## Dataset excerpt
Start of Block

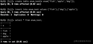 因此,如果使用数字作为ENUM枚举常量,这种双重性很容易导致混乱。例如,ENUM(‘1’,’2’,’3’)。建议尽量避免这么做。
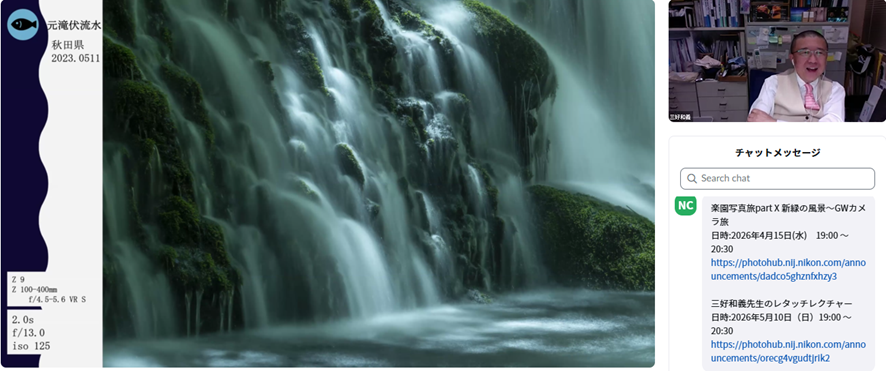 三好先生によれば、鳥海山の伏流水が湧き出す元滝は写真愛好家に人気のスポットです。紹介された作品は望遠レンズで撮影されていますが、手前の流れを入れるために広角で撮るのも良いとのこと。撮影にはND64フィルターを使用し、上からの光が立体感を出している作品でした。晴れの日だけでなく曇りの日でも良い写真が撮れるのでおすすめだそうです。
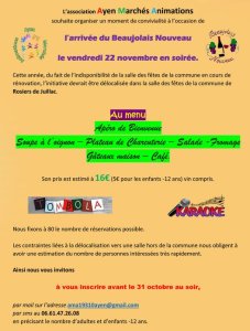 L'association Ayen Marchés Animation vous propose de fêter l'arrivée du Beaujolais nouveau, vendredi 22 novembre 2024 en soirée.

End of Block

## Instructions for the task
Write out the data again word for word, minus any images.

## Solved problem
 因此,如果使用数字作为ENUM枚举常量,这种双重性很容易导致混乱。例如,ENUM(‘1’,’2’,’3’)。建议尽量避免这么做。
 三好先生によれば、鳥海山の伏流水が湧き出す元滝は写真愛好家に人気のスポットです。紹介された作品は望遠レンズで撮影されていますが、手前の流れを入れるために広角で撮るのも良いとのこと。撮影にはND64フィルターを使用し、上からの光が立体感を出している作品でした。晴れの日だけでなく曇りの日でも良い写真が撮れるのでおすすめだそうです。
 L'association Ayen Marchés Animation vous propose de fêter l'arrivée du Beaujolais nouveau, vendredi 22 novembre 2024 en soirée.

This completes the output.